§ The problem
Leaving the pictures aside, return all of the data below exactly.

§ Data to process
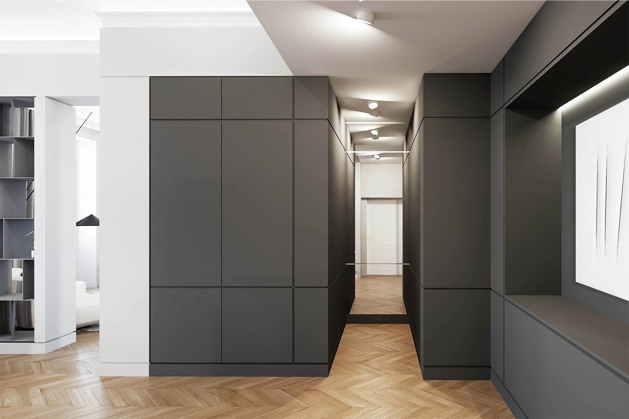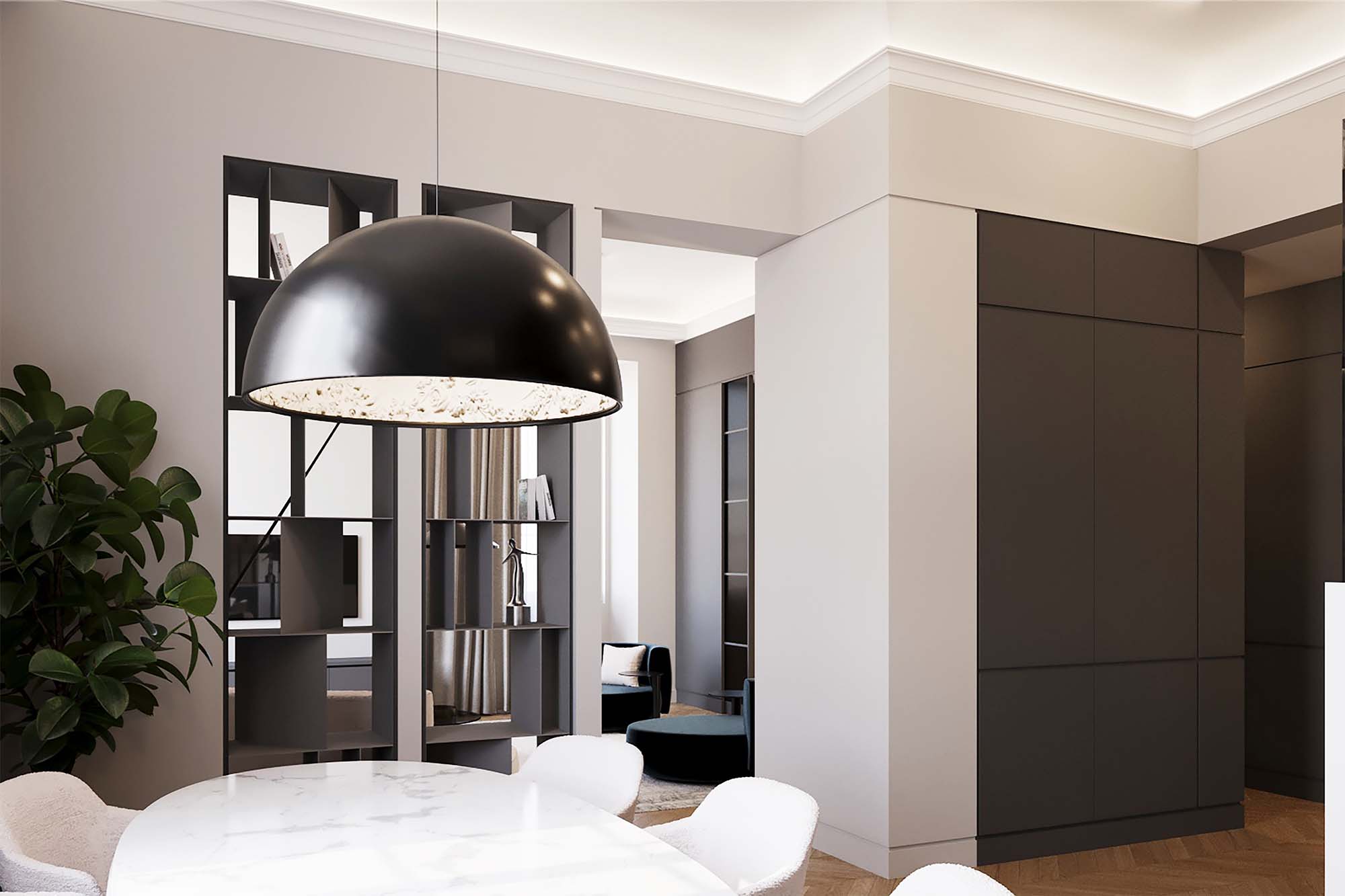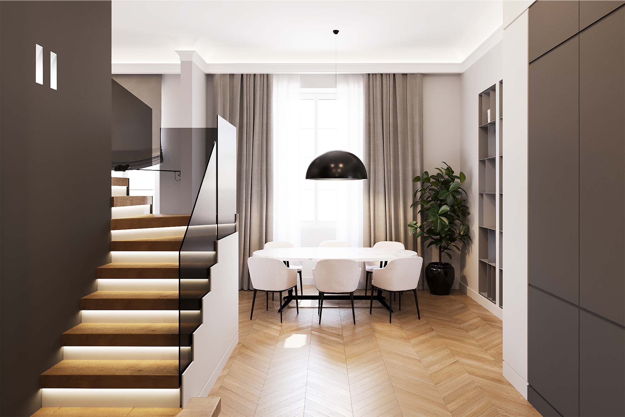 Il dialogo tra pareti e controsoffitti diventa un gioco raffinato, dove tende e impianti restano invisibili, nascosti con eleganza.
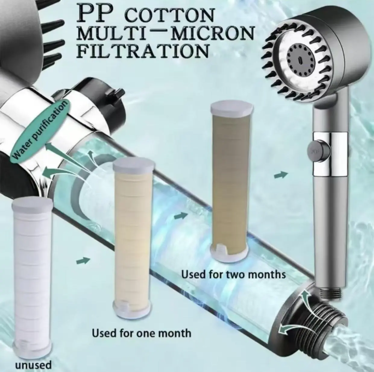 High pressure performance scalp massage shower brush: The turbo shower head can also provide strong and stable water flow. The scalp massage bath brush is made of elastic silicone. Enjoy a gentle and relaxing massage directly on the scalp without pulling your hair, providing a spa like experience in the comfort of a shower.Durable and long-lasting filter: This handheld shower head is equipped with a polypropylene cotton filter, which can effectively remove rust, dirt, and other deposits, ensuring a healthier shower. It is made of high-quality ABS plastic and chrome plated surface, and the ion shower drip head filter shower head is designed for daily use.
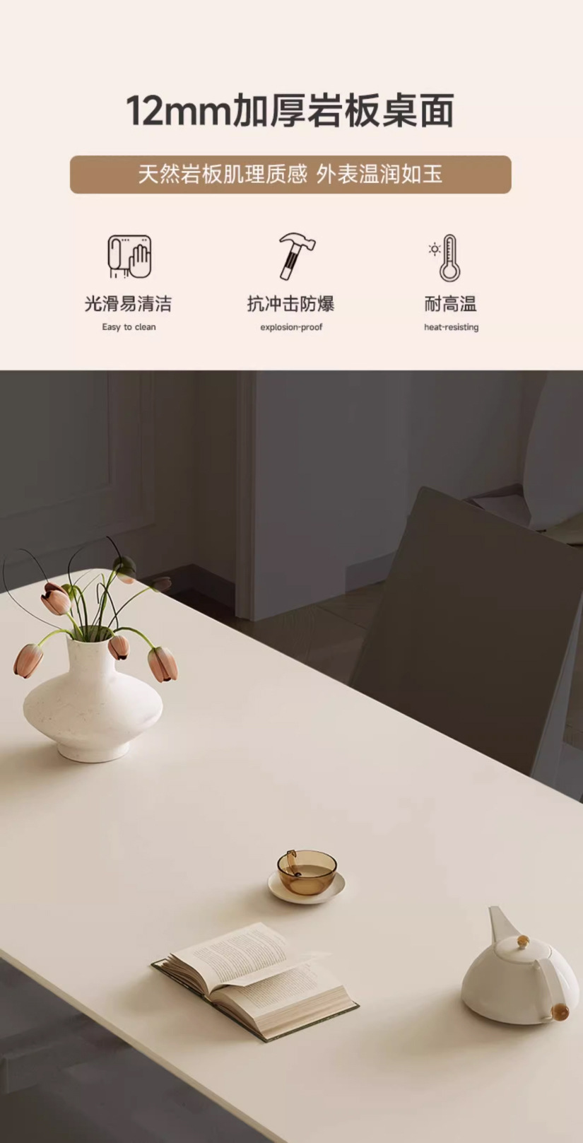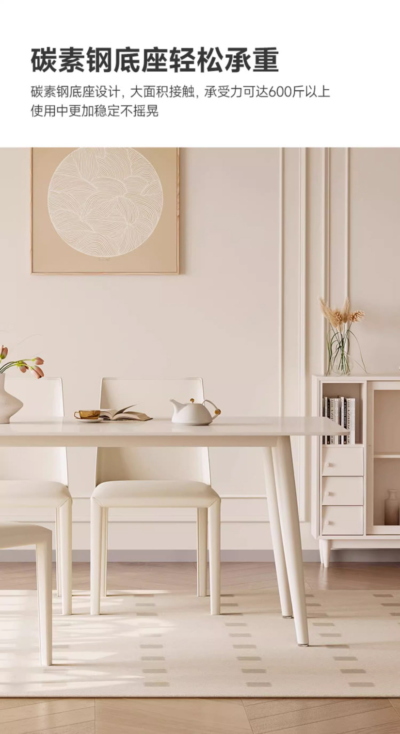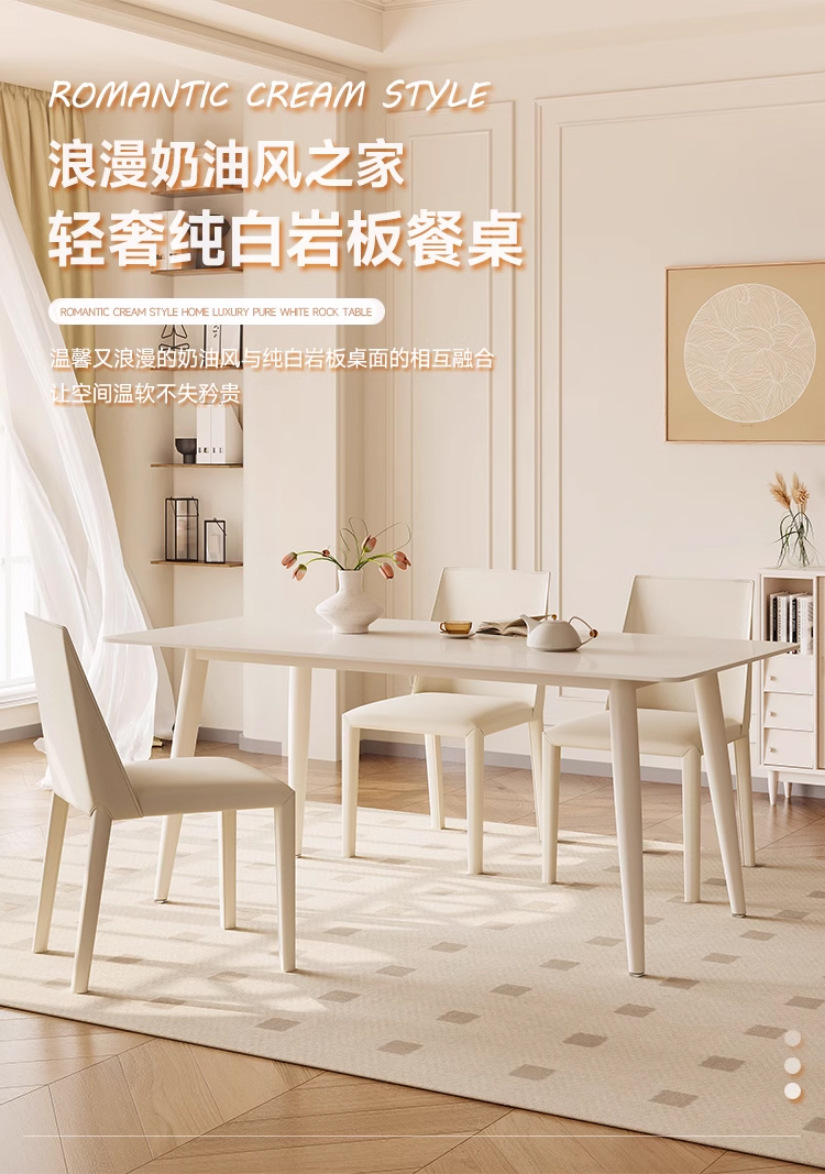 Mesa y silla de comedor de placa de roca de estilo crema blanco puro hogar pequeño apartamento mesa y silla moderna minimalista nórdica mesa de comedor rectangular
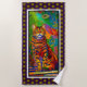 The fabric is soft and fluffy, feels great on the skin. The quality seems to be very good, I have not yet tested how absorbent the fabric is. The colors were vivid, the lines of the design clear, all in all, a great result.
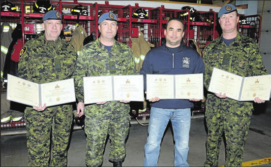 Photo (Left to Right) Corporal Wayne Fraser, Master Corporal Andy Matthews, Sergeant (Retired) Neil Cristo, and Corporal John Mac Dona Id. from 3 CDSB Ops Svcs Branch Fire Hall, hold their Commander's Commendations following the presentation by Colonel Stephen Lacroix, Commander 3rd Canadian Division Support Group (3 CDSG), and Chief Warrant Officer James Doppler, 3 CDSG Group Sergeant Major, at the Fire Hall on January 22, 2016.
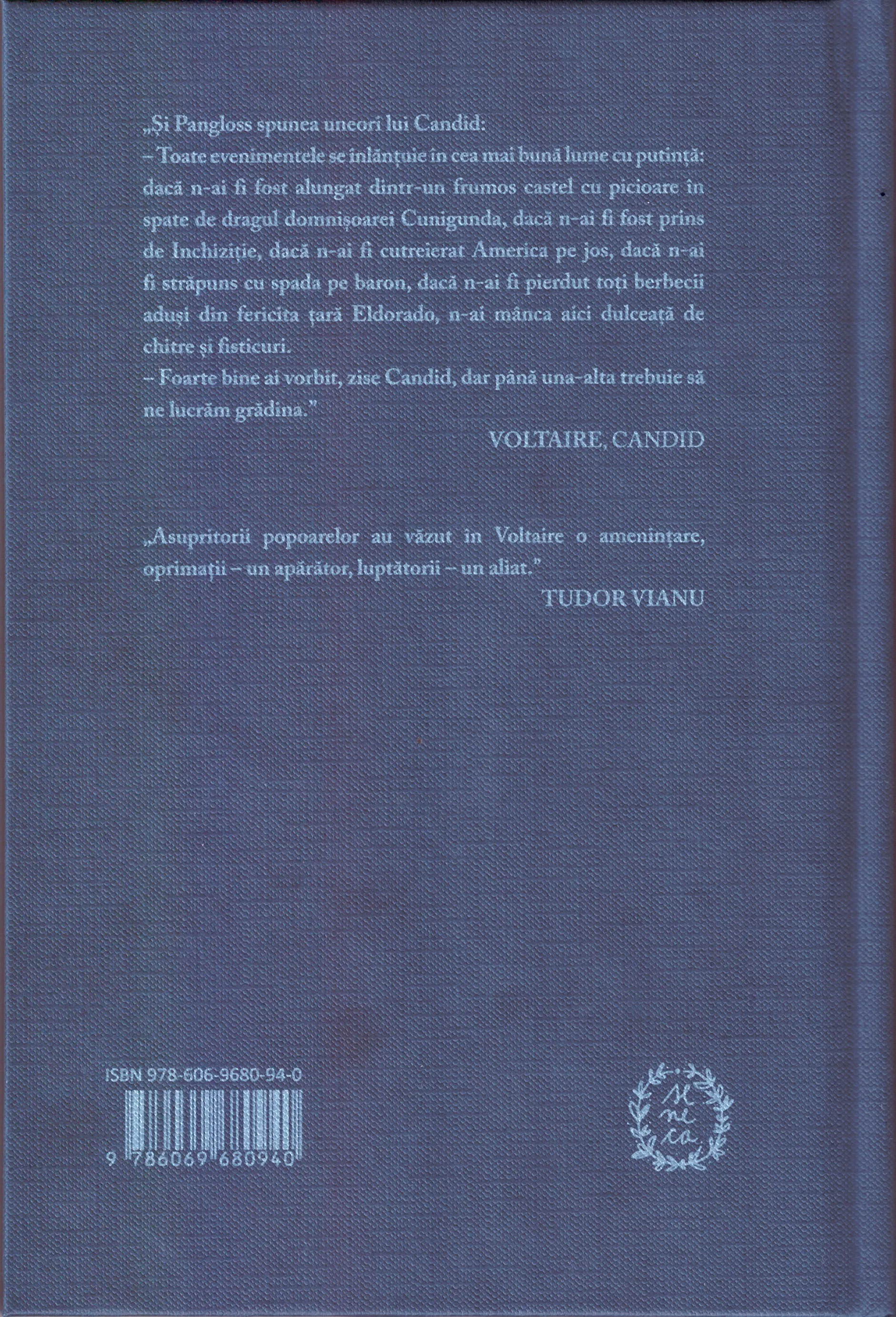 Pentru a introduce cititorul în opera și viața lui Voltaire, dar și în contextul social și politic al veacului al XVIII-lea, am ales, ca text de deschidere, eseul biografic al lui Tudor Vianu despre Voltaire, apărut inițial la Editura Tineretului, în 1955, iar în 1972, la Editura Albatros. În ediția de față, am preluat textul apărut în 1972.
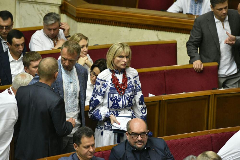 Народные депутаты не исключение, она пришли на заседание Верховной Рады в украинской национальной одежде в честь праздника. Отметим, что наши парламентарии наряжаются в вышитые платья и сорочки не только в этот день, но сегодня почти все присутствующие в сессионном зале придерживались "украинского дресс-кода".
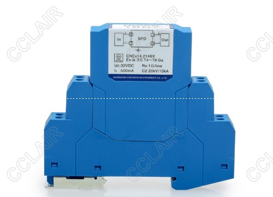 24V信號SPD,三線制,本安型,適用于線對地隔離電壓>500V信號回路,最大放電電流Imax(8/20us):20kA/線,12.5mm超薄,通過DIN35金屬導軌接地。
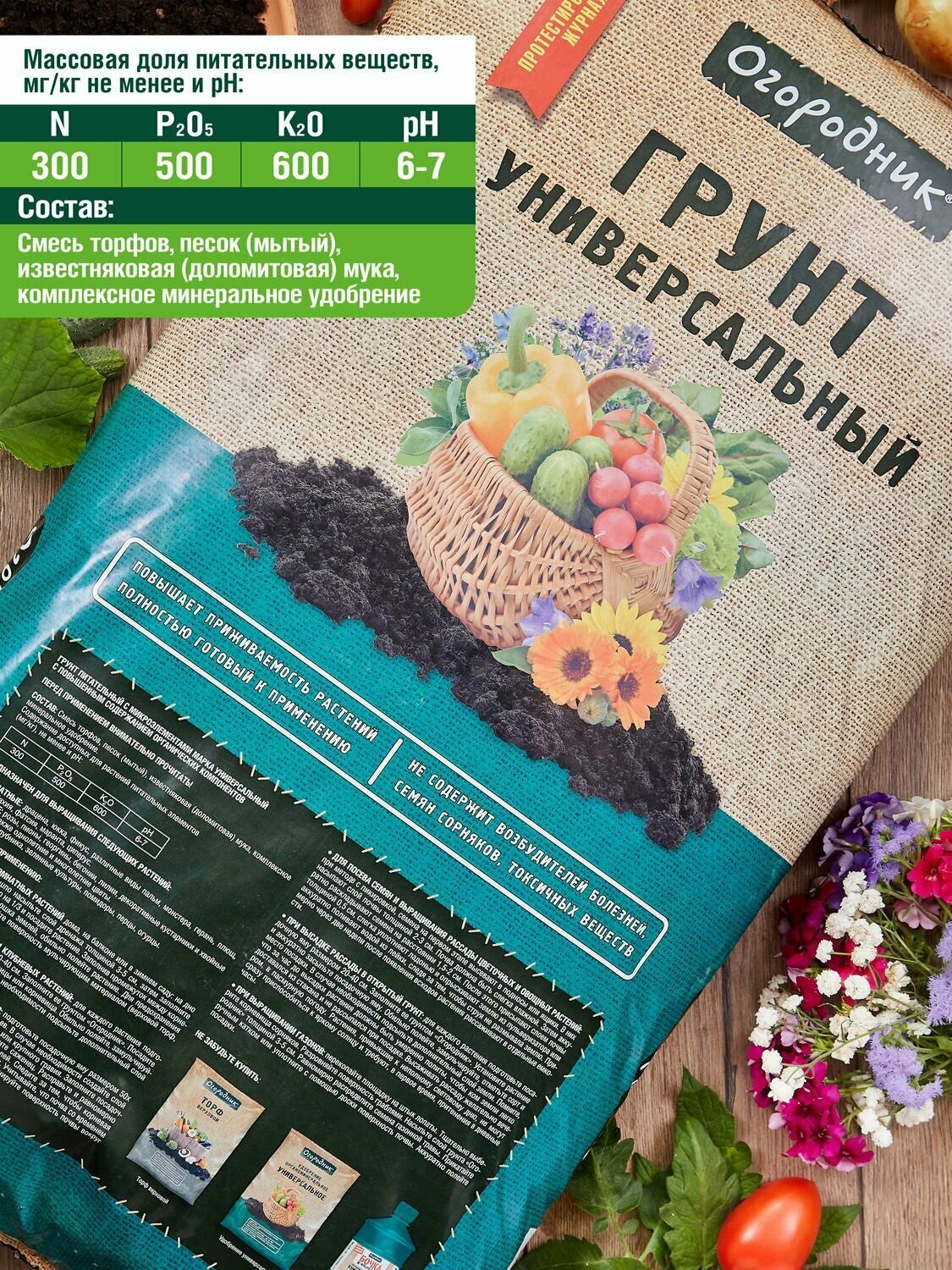 | Дополнительная информация | Грунт универсальный Огородник 60л |

§ Exercise solution
 Il dialogo tra pareti e controsoffitti diventa un gioco raffinato, dove tende e impianti restano invisibili, nascosti con eleganza.
 High pressure performance scalp massage shower brush: The turbo shower head can also provide strong and stable water flow. The scalp massage bath brush is made of elastic silicone. Enjoy a gentle and relaxing massage directly on the scalp without pulling your hair, providing a spa like experience in the comfort of a shower.Durable and long-lasting filter: This handheld shower head is equipped with a polypropylene cotton filter, which can effectively remove rust, dirt, and other deposits, ensuring a healthier shower. It is made of high-quality ABS plastic and chrome plated surface, and the ion shower drip head filter shower head is designed for daily use.
 Mesa y silla de comedor de placa de roca de estilo crema blanco puro hogar pequeño apartamento mesa y silla moderna minimalista nórdica mesa de comedor rectangular
 The fabric is soft and fluffy, feels great on the skin. The quality seems to be very good, I have not yet tested how absorbent the fabric is. The colors were vivid, the lines of the design clear, all in all, a great result.
 Photo (Left to Right) Corporal Wayne Fraser, Master Corporal Andy Matthews, Sergeant (Retired) Neil Cristo, and Corporal John Mac Dona Id. from 3 CDSB Ops Svcs Branch Fire Hall, hold their Commander's Commendations following the presentation by Colonel Stephen Lacroix, Commander 3rd Canadian Division Support Group (3 CDSG), and Chief Warrant Officer James Doppler, 3 CDSG Group Sergeant Major, at the Fire Hall on January 22, 2016.
 Pentru a introduce cititorul în opera și viața lui Voltaire, dar și în contextul social și politic al veacului al XVIII-lea, am ales, ca text de deschidere, eseul biografic al lui Tudor Vianu despre Voltaire, apărut inițial la Editura Tineretului, în 1955, iar în 1972, la Editura Albatros. În ediția de față, am preluat textul apărut în 1972.
 Народные депутаты не исключение, она пришли на заседание Верховной Рады в украинской национальной одежде в честь праздника. Отметим, что наши парламентарии наряжаются в вышитые платья и сорочки не только в этот день, но сегодня почти все присутствующие в сессионном зале придерживались "украинского дресс-кода".
 24V信號SPD,三線制,本安型,適用于線對地隔離電壓>500V信號回路,最大放電電流Imax(8/20us):20kA/線,12.5mm超薄,通過DIN35金屬導軌接地。
 | Дополнительная информация | Грунт универсальный Огородник 60л |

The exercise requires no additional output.